Budget Overview by Mission Activity


Swap Dealer and Intermediary Oversight Request
($ in thousands)
  FY 2011
Actual
FY 2012
Base
FY 2013
Request
Budget Positions FTE Budget FTE Budget FTE
Swap Dealer & Intermediary Oversight $16,040 70 71 $17,839 79 $30,334 130

Swap Dealer and Intermediary Oversight Request by Mission Activity
($ in thousands)
Mission Activity FY 2012
Base
FY 2013
Request
Change
Budget FTE Budget FTE Budget FTE
Swap Dealer & Intermediary Oversight $17,839 79 $30,334 130 $12,495 51
Registration and Registration Compliance   $3,675 15
Data  Acquisition, Analytics, and Surveillance   $1,470 6
Examinations   $6,125 25
Economic and Legal Analysis   $1,225 5

Registration and Registration Compliance

Registration of Swap Dealers and Major Swap Participants. The Commission requests an additional seven FTE for FY 2013 to develop and implement a program to oversee the National Futures Association’s program for monitoring swap dealers’ and major swap participants’ compliance with applicable business conduct standards.  DFA directs the Commission to adopt both external and internal business conduct standards for these entities.  The proposed business conduct standards address such areas as:  risk management, monitoring position limits, diligent supervision, business continuity and disaster recovery, conflicts of interest, recordkeeping, reporting, swap confirmation, portfolio reconciliation, portfolio compression, and disclosure. These detailed business conduct standards are new regulatory requirements, and generally outside of the scope of CFTC requirements for other registrants such as futures commission merchants or introducing brokers.  The additional FTE are necessary to develop and implement a program to assess National Futures Association’s swap dealer and major swap participant compliance program to assess such entities’ compliance with these fundamentally new business conduct requirements.

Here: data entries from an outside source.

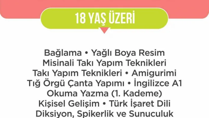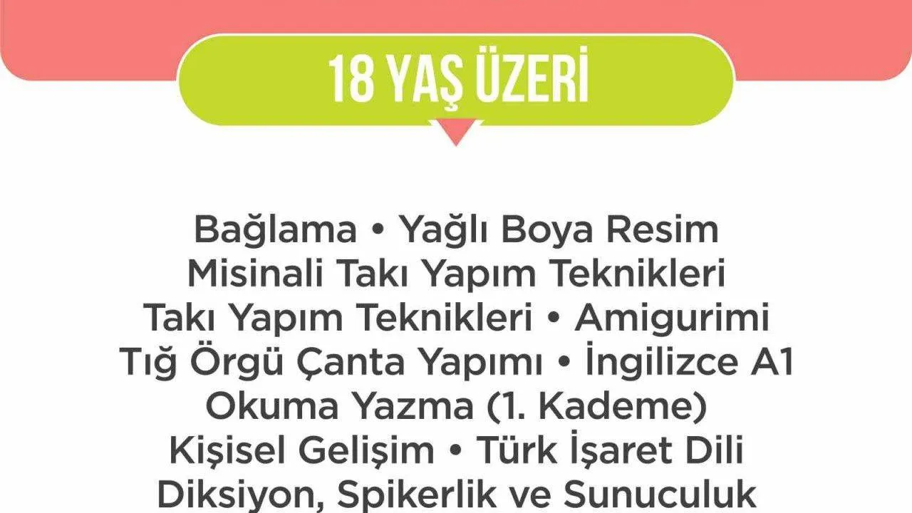 Kurslarda yetişkinlere yönelik; bağlama, tambur, yağlı boya resim, takı yapım teknikleri, İngilizce A1, Almanca A1, bilgisayar işletmenliği ofis programları, okuma yazma, aşçı çırağı ve kişisel gelişim branşlarında; 8-17 yaş aralığındaki öğrencilere ise alanında uzman eğitmenler tarafından piyano, bağlama, gitar, yaratıcı drama, Türk işaret dili, görsel sanatlar atölyesi, resim sanatı eğitimi, P4C (çocuklara felsefe), mutfak atölyesi ve satranç gibi alanlarda eğitimler verilecek.
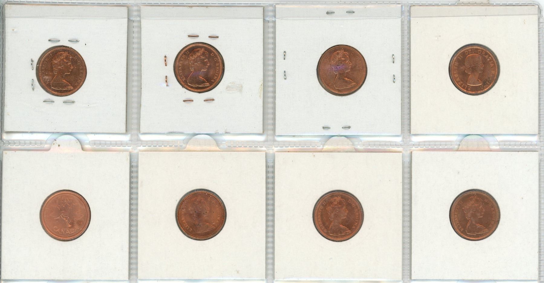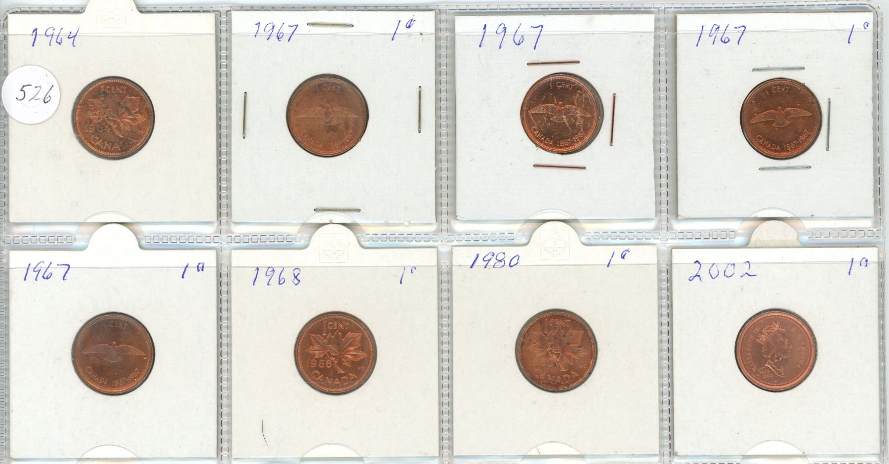 8 Canadian 1¢ coins - 1964, 1967 X 4, 1968, 1980, 2002
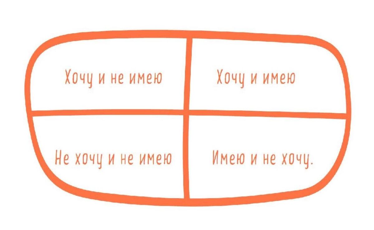 … 💫 Так почему бы не вспомнить про техники написания желаний? Тем более, сейчас это актуальная тема. Один из вариантов, как заполнить список желаний и заодно расширить свою финансовую емкость здесь. 📖 Но вот читаю книгу Татьяны Мужицкой: Теория невероятности - и хочу с вами поделиться ее техникой. Она мне очень напоминает декартовы координаты, знакомые мне по коучингу. Но адаптированную под определение своих желаний. Рисуем 4 квадратика, как показано на рисунке. И заполняем их строго по порядку. 1️⃣Хочу и имею Сюда попадает всё, что у тебя уже есть и что тебе правда хочется / хотелось. Может быть это любимая работа, квартира или машина, здоровое тело и прочее. 2️⃣Не хочу, но имею Здесь то, что у тебя есть, но тебе это не нравится. Например: лишний вес, дефицит времени на любимые дела, токсичные отношения. 3️⃣Не хочу и не имею Это то, чего ты не хочешь и у тебя этого нет. Вроде бы и зачем про это думать, но это квадрат принятых решений. Может быть вы решили не ходить в аспира
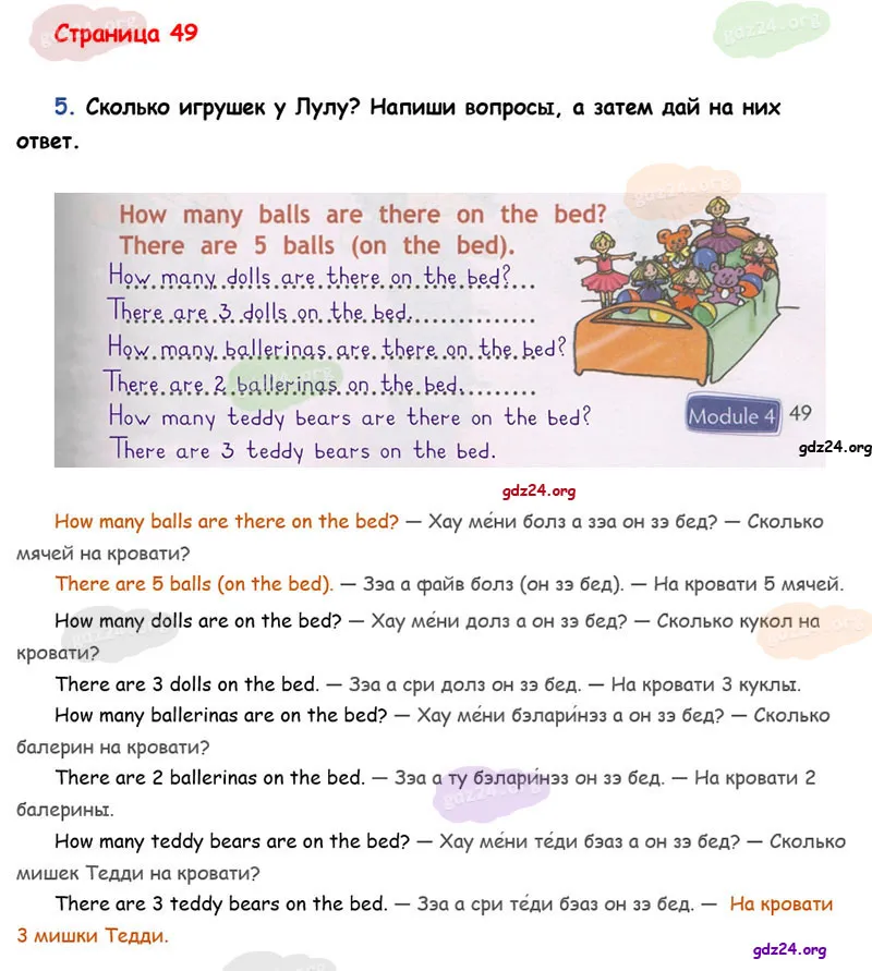 Сколько игрушек у Лулу? Напиши вопросы, а затем дай на них ответ.
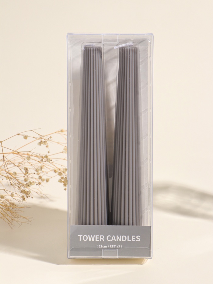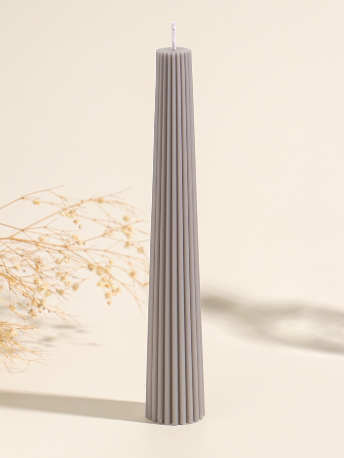 Этот набор из двух высоких конических свечей создаёт атмосферу спокойствия и утончённости. Строгие линии и глубокий серый оттенок «асфальт» придают интерьеру современный акцент, делая свечи универсальным элементом декора для любого времени года.
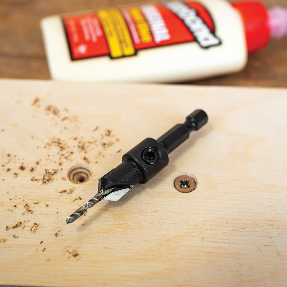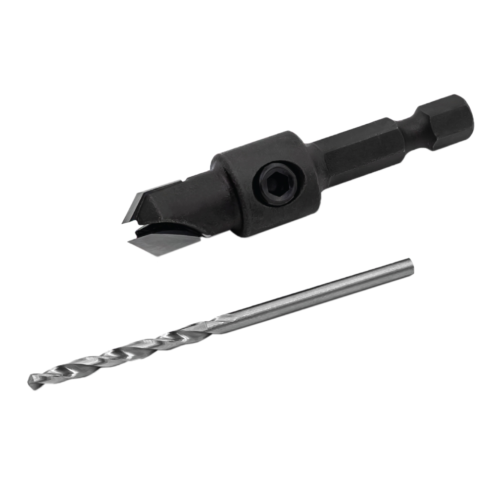 Dieses Werkzeug kann auf harten Materialien wie Schichtpressstoff, Spanplatte, MDF, Hartholz und exotischem Holz eingesetzt werden. Er bohrt und versenkt. Sechskant-Schnellspannschaft.

An initial component of this program will require Commission staff to work with the staff of the National Futures Association in the design and implementation of an effective National Futures Association examination program.  Once such a program has been established and implemented by National Futures Association, the Commission’s role will switch to one of oversight over National Futures Association’s execution of the business conduct program.  Commission staff also will conduct direct examinations of certain swap dealers and major swap participants to access their compliance with the business conduct requirements.  Such direct examinations may be part of Commission’s assessment of National Futures Association’s execution of its oversight program.  Alternatively, the direct examinations may be conducted in response to a specific issue or general Commission concern with a particular swap dealer or major swap participant.  Direct examinations also are necessary to ensure that Commission staff maintains an adequate understanding of the operations at major swap participants and swap dealers so that staff is better positioned to respond to evolving business processes and other developments, particularly in responding to urgent situations.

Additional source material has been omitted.